La chronique de Jean Rouzaud.
Aux Éditions Séguier, un livre nous raconte par flashes et par le menu les dernières tournées de Christa Päffgen, alias Nico, ex chanteuse du Velvet Underground avec Lou Reed, ex égérie sixties de la Factory, ex amante supposée de Bob Dylan, Iggy Pop, Jim Morrison, Lou Reed, Alain Delon, ex actrice de Fellini et surtout de Philippe Garrel, qui lui dédia plusieurs films…
Nico, Walkyrie Pop ?
De 1981 à sa mort en 1988 à Ibiza, la Walkyrie Pop, gravement dépendante de l’héroïne, a quand même trouvé l’énergie de tourner un peu partout dans le monde : en Amérique, en Europe du nord et du sud (de l’Espagne à l’Allemagne et jusqu’à l’est, en Pologne et Tchécoslovaquie), ainsi qu’au Japon et en Australie…
Ces tournées successives, au départ de Manchester où elle vivait recluse, sont le chant du cygne d’une des rares vraies divas de l’underground, secondée par quelques musiciens triés sur le volet : guitare, batterie, clavier et parfois des tablas… et son éternel harmonium à pédales d’où elle sortait un son continu de bourdon et des mélodies minimalistes, de sa voix grave.
Dans ces récits fiévreux et désespérants, l’auteur James Young (musicien et ami) raconte sans concession les addictions de chacun des membres, rares volontaires pour ces expéditions de losers : cocaïne, amphétamines, héroïne, haschich, et même alcool ou prostituées…
Déboires sordides
Les galères de tournées sont un cliché répété par toutes les mémoires Pop Rock de la planète, mais avec Nico et son manager fou, et la bande de musiciens gothico-punks aux abois qui tentent de l’entourer, ces déboires prennent une tournure surréaliste ou dramatique.
L’auteur n’épargne rien des détails sordides de l’addiction, des seringues sales aux maladies qui s’ensuivent, des arnaques continuelles sur les hôtels, la bouffe, les frais, jusqu’aux crises de délires des uns et des autres, le tout sur un ton détaché et ironique de polar nihiliste.

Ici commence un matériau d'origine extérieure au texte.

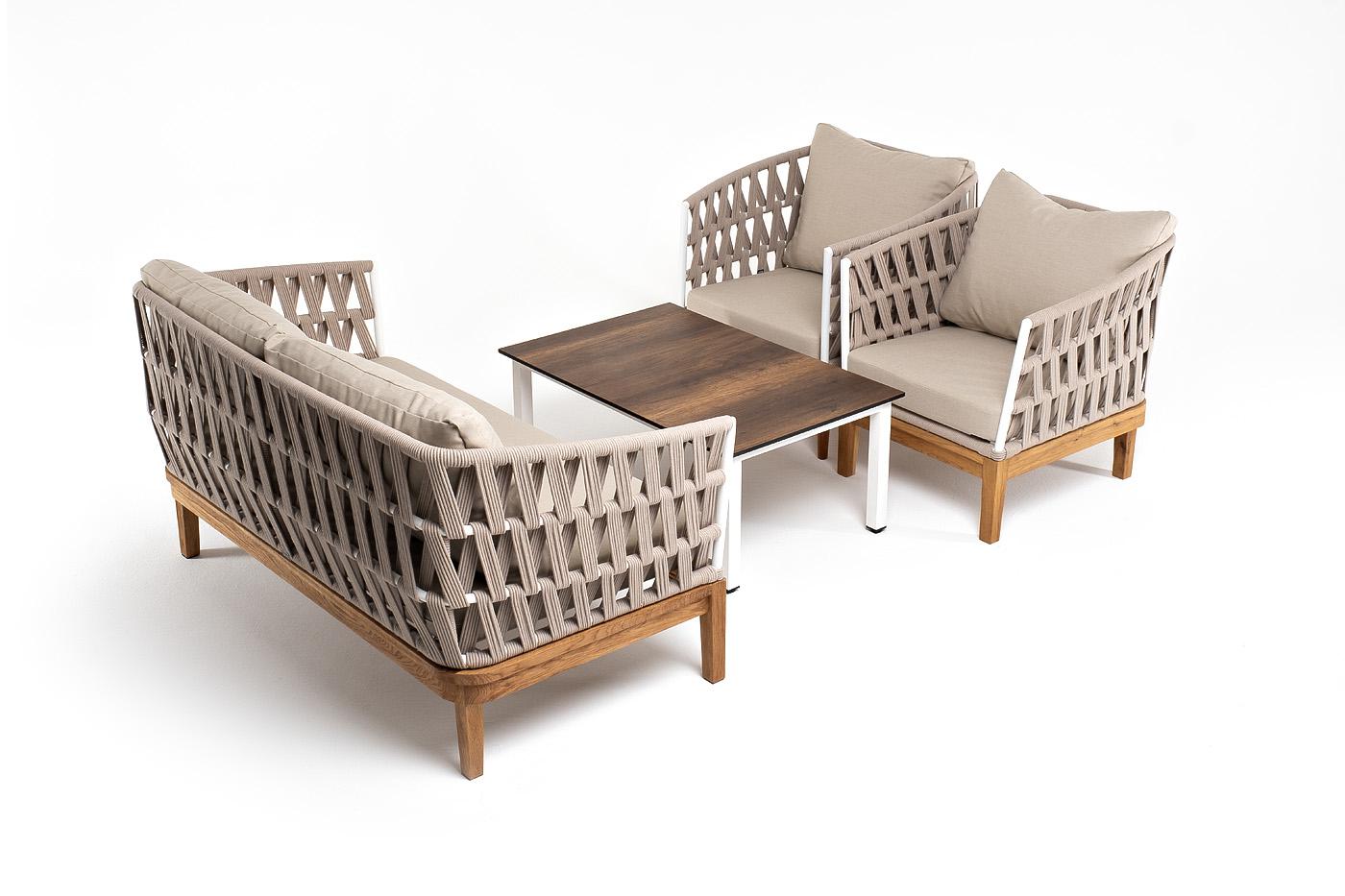Лаунж зона 4SIS "Диего" лаунж-зона 4-местная плетеная из роупа со столиком "Канны" цвета "дуб", основание дуб, роуп бежевый арт. DIES2C2TJ-4-OAK-SET biege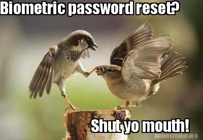Make your own "Biometric password reset? Shut yo mouth!" meme with MemeCreator's free online meme generator. Add text, stickers, and drawings — then download or share. No watermark, no sign-up required.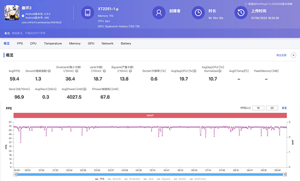 將手機(jī)亮度調(diào)至75%,外放音量50%,連接WiFi并在游戲側(cè)邊欄中選擇高性能模式,游戲設(shè)置為全高畫質(zhì)、全高特效,戰(zhàn)斗幀數(shù)90,頁(yè)面幀數(shù)60,當(dāng)前室溫25度的環(huán)境下,運(yùn)行10分鐘后崩壞書,可以看到實(shí)際戰(zhàn)斗的幀數(shù)上限還是60,不過(guò)幀率曲線很穩(wěn),偶爾有個(gè)別的小卡頓,但基本不影響游戲體驗(yàn)。最終平均幀數(shù)為54.9幀,功耗4W左右,機(jī)身表面最高溫度為39.5度,崩壞3的表現(xiàn)還是很穩(wěn)的,對(duì)付王者,和平精英也綽綽有余。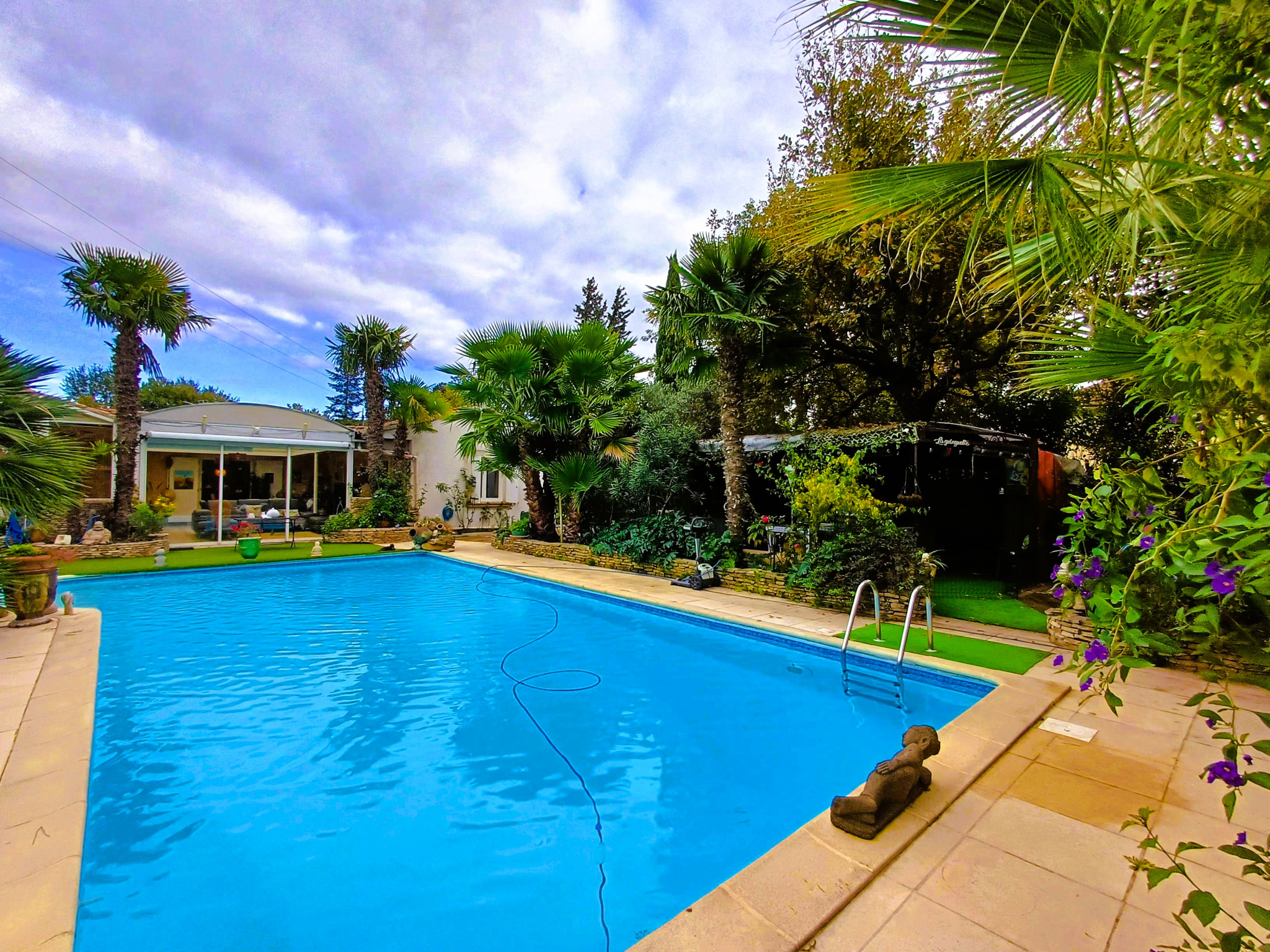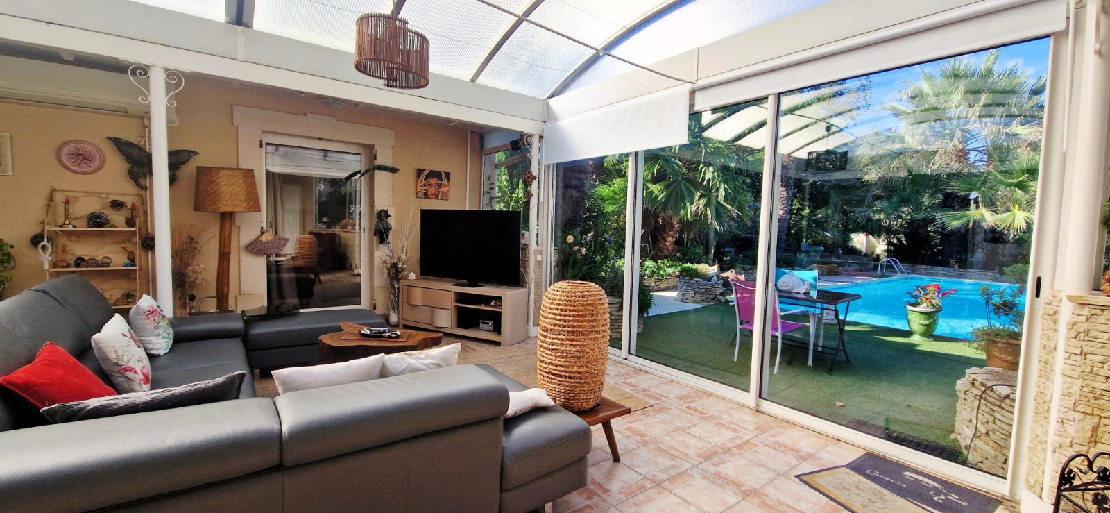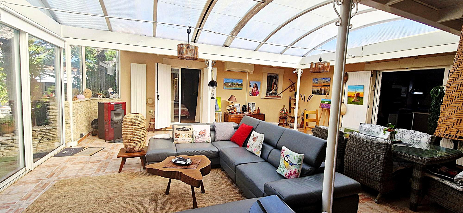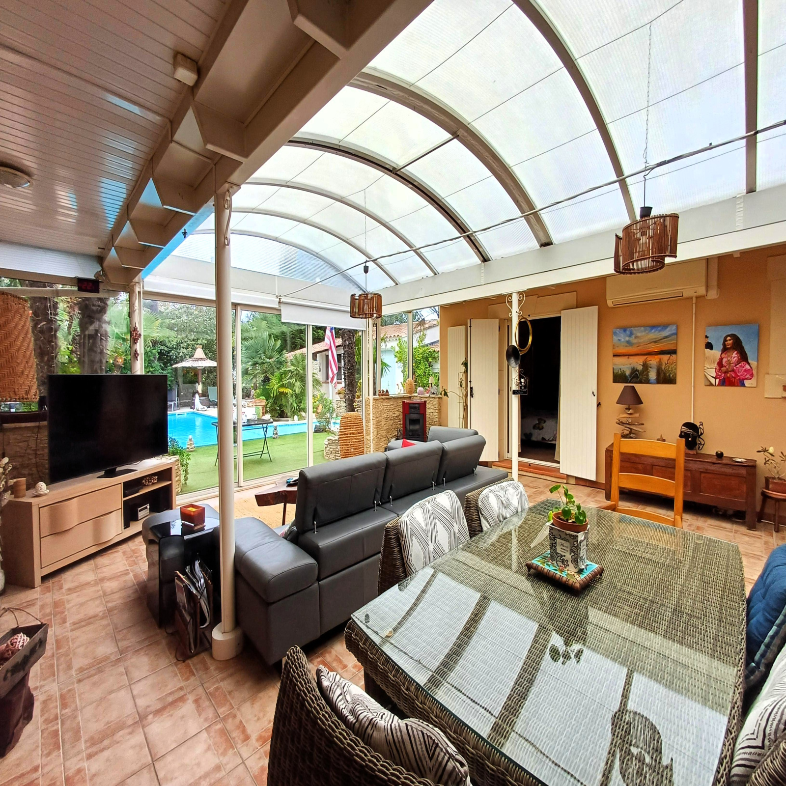 - Véranda thermolaquée de 58 m² (chauffée et climatisée) avec poêle à granulés, véritable pièce à vivre donnant sur la piscine,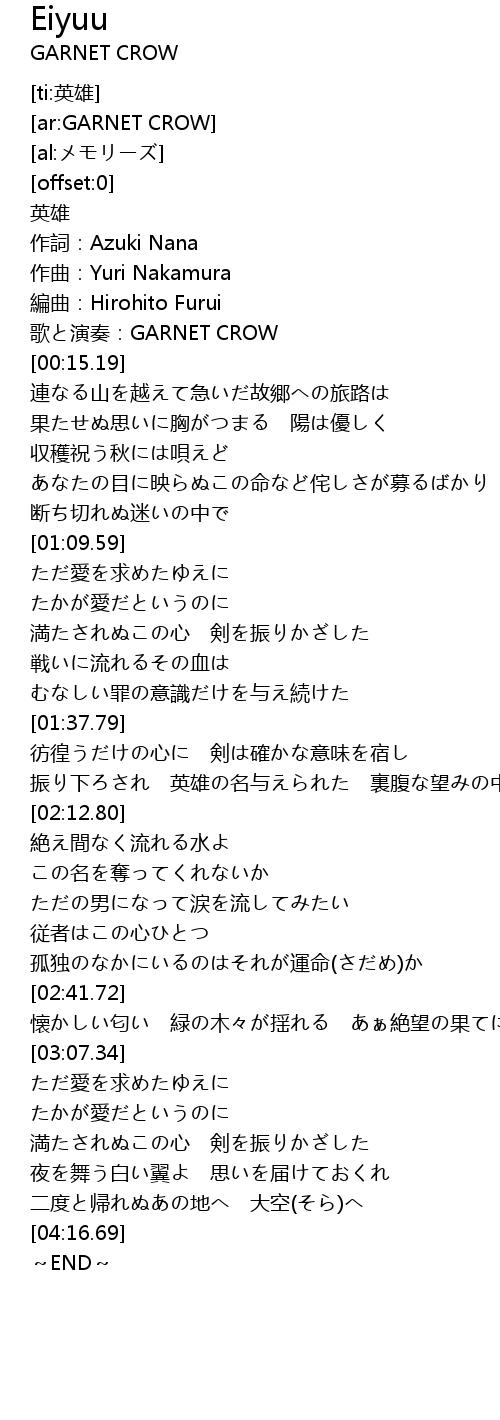 | [00:12.07] | ge yan zou: GARNET CROW |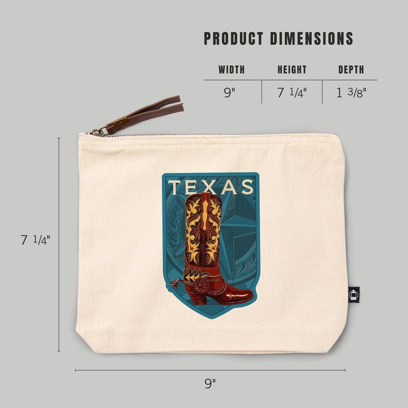 - Texas, Boot Letterpress, , 100% Cotton Zipper Pouch, Travel Accessory, Go Bag, Size of 7.25 x 9 inches.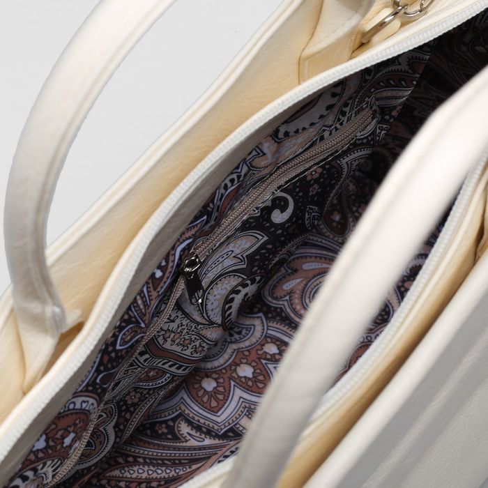 Сумка женская на молнии, 1 отдел, 2 наружных кармана, цвет молочный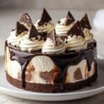The Hot Fudge Sundae Brownie Cheesecake is a decadent dessert that combines the rich flavors of fudgy brownies, creamy cheesecake, and luscious hot fudge sauce. Topped with whipped cream and cherries, it’s a show-stopping treat perfect for any special occasion or whenever you want to indulge your sweet tooth.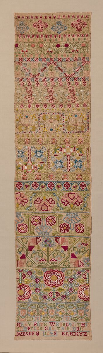 From the early 17th century into the early 18th century, long, narrow samplers such as this one were typical. Called "band samplers" because of the multiple bands of pattern, this type represents the transition from purely practical piece of fabric with patterns stitched for future reference, to something that is both decorative and functional.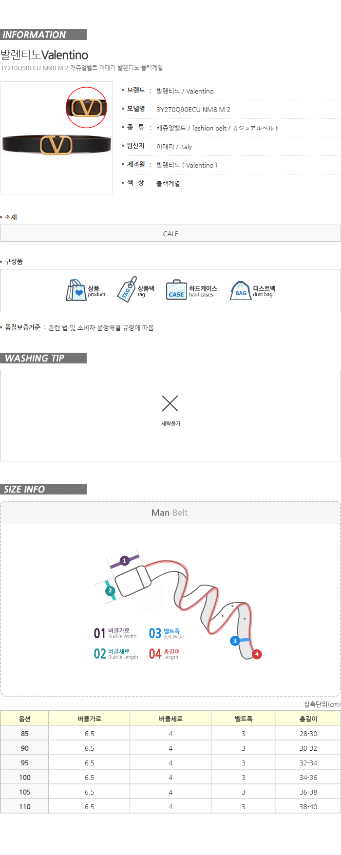 [명품] 발렌티노 브이 로고 금장 양면 벨트 3Y2T0Q90ECU NM8

On pense au roman Junky de William Burroughs : description de la vie des drogués et leurs combines et larcins, mais surtout de leur perversion devant la vie et les autres. Nico est un modèle de teutonne froide et insensible en apparence, cynique, égoïste, sans pitié, mais très troublée intérieurement, voire désespérée, véritable zombie qui en a trop vu et trop fait.
Gamine et paresseuse, exaltée et morbide
Il y a beaucoup de moments burlesques, absurdes, d’autres désespérants comme un chemin de croix qui n’en finirait pas… Nico est le centre de ce récit impérial et incompréhensible, gamine et paresseuse, elle passe de l’indifférence à l’exaltation, des enfantillages au morbide.
Il y a des apparitions de John Cale, deux fois associé à la tournée, passant comme un chevalier fou, un croisé halluciné ou hautain. Ou le poète Beat Gregory Corso, véritable agité, à côté d’un Allen Ginsberg largué… Les fantômes de la Beat Generation.
La réalité est que Nico a bien inventé un style et des musiques étranges, la définissant comme une déesse nordique, mêlée de pharaone, inspirée et psalmodiant une sorte de messe gothique et planante à la fois : un mélange de minimalisme et de grandiloquence.
Réussi pour certains, insupportable pour d’autres, ce témoignage décalé, et désespérant de sado-masochisme, permet d’approcher les mythes paranoïaques et sectaires des années 70, les légendes qui flottaient dans la tête de ceux qui avaient passé les limites.
Ce livre, titré The End, en mémoire de la chanson des Doors, est un rappel, incompréhensible pour beaucoup, des grandes utopies comportementales qui ont suivi les révolutions Beat, Hippy, Glam, Punk, Gothique, Hard, Death , qui saupoudrent ces existences perdues…
Nico The End. De James Young. Éditions Séguier. 328 pages. 21 euros.